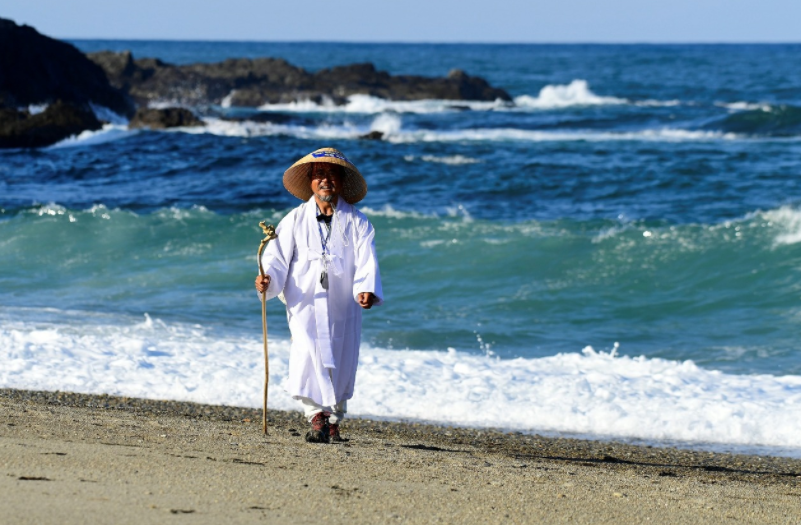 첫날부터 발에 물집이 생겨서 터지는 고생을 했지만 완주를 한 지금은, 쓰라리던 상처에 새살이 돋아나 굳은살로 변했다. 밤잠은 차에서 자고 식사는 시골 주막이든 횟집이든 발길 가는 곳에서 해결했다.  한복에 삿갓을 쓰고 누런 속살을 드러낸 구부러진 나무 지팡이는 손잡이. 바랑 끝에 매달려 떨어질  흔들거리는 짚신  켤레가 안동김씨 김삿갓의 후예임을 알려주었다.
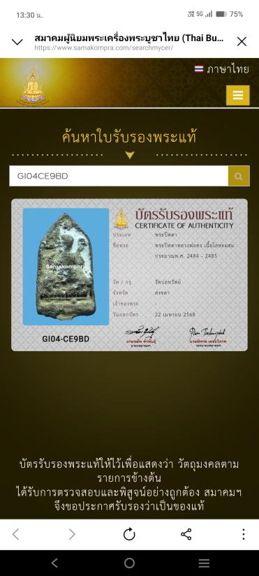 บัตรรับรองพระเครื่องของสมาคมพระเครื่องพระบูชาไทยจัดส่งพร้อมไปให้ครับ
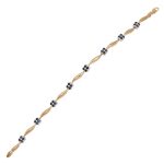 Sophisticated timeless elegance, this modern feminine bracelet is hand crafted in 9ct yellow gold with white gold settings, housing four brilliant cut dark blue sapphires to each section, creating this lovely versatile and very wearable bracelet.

--

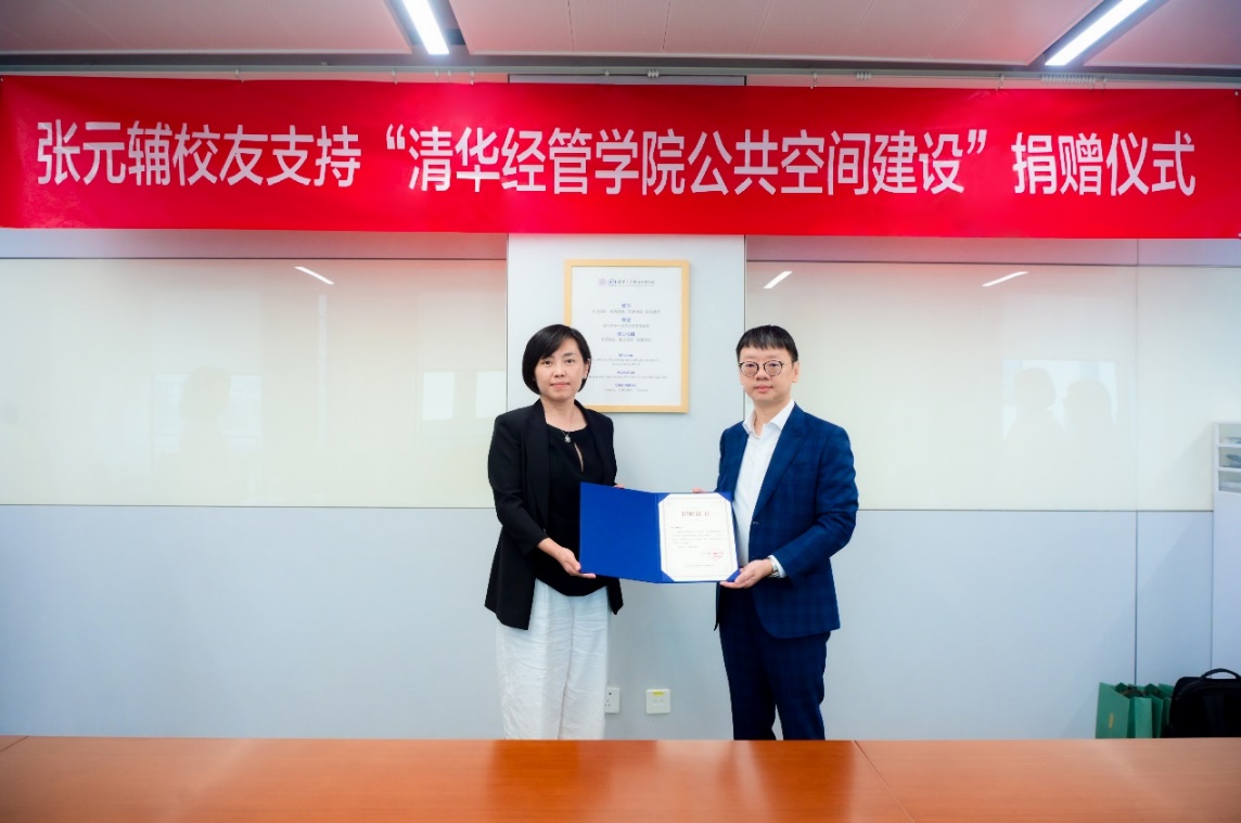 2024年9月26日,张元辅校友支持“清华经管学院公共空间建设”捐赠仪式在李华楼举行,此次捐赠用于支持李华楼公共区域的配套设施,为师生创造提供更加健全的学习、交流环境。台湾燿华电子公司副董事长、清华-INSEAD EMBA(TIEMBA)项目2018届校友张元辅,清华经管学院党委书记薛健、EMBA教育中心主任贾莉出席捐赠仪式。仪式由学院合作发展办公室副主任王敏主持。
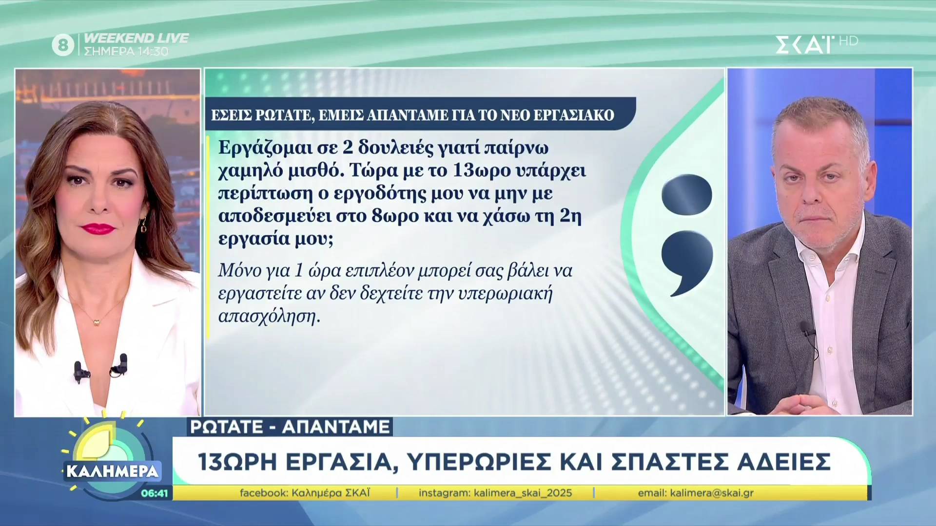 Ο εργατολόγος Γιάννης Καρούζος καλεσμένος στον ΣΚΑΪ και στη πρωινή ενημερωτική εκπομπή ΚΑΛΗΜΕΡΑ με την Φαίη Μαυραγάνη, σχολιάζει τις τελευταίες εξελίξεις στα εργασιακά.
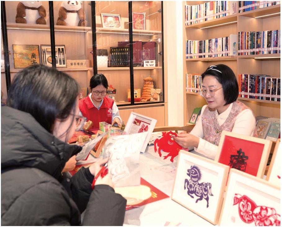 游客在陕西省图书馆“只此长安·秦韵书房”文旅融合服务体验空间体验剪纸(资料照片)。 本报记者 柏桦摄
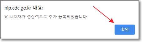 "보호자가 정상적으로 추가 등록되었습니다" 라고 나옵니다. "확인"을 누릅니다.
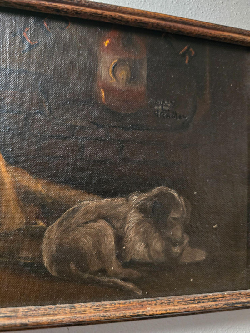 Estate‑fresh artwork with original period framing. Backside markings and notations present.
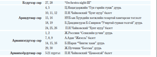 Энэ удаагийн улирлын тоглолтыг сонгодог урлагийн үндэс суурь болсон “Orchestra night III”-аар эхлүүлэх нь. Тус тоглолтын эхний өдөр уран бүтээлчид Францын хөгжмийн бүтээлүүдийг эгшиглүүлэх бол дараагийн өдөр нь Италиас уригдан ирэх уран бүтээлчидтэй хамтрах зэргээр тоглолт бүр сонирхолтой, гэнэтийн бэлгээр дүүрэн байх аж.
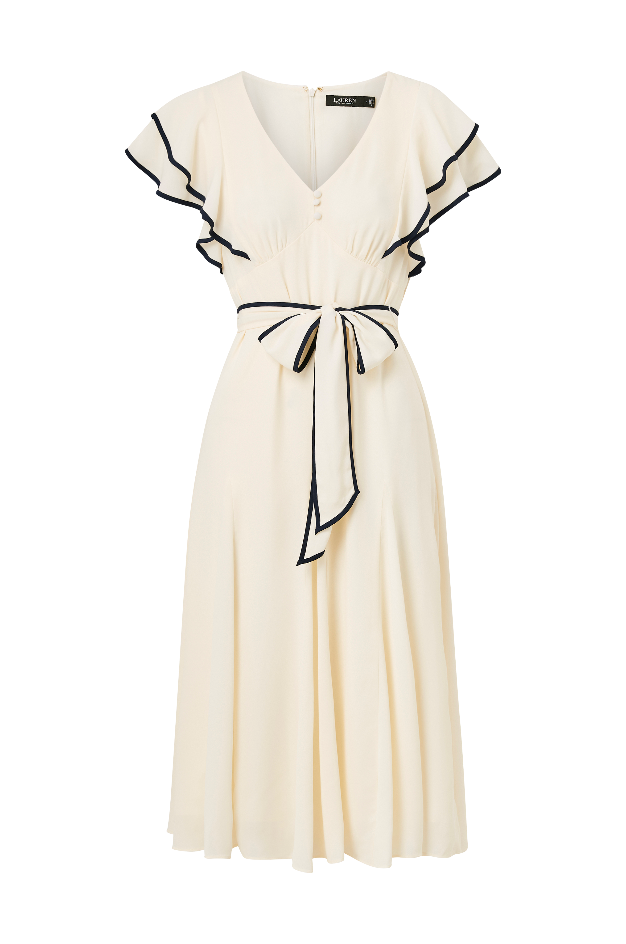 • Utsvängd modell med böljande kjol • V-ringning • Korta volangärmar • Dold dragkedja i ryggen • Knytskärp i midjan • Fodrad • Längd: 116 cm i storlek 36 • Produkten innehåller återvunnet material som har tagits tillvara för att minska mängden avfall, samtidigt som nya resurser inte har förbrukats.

> **Problem details**:
What's needed is an exact copy of the records above from the line containing "Ο εργατολόγος Γιάννης" down to the line containing "Estate‑fresh artwork with", both included, without any pictures.

> **Result of the task**:
 Ο εργατολόγος Γιάννης Καρούζος καλεσμένος στον ΣΚΑΪ και στη πρωινή ενημερωτική εκπομπή ΚΑΛΗΜΕΡΑ με την Φαίη Μαυραγάνη, σχολιάζει τις τελευταίες εξελίξεις στα εργασιακά.
 游客在陕西省图书馆“只此长安·秦韵书房”文旅融合服务体验空间体验剪纸(资料照片)。 本报记者 柏桦摄
 "보호자가 정상적으로 추가 등록되었습니다" 라고 나옵니다. "확인"을 누릅니다.
 Estate‑fresh artwork with original period framing. Backside markings and notations present.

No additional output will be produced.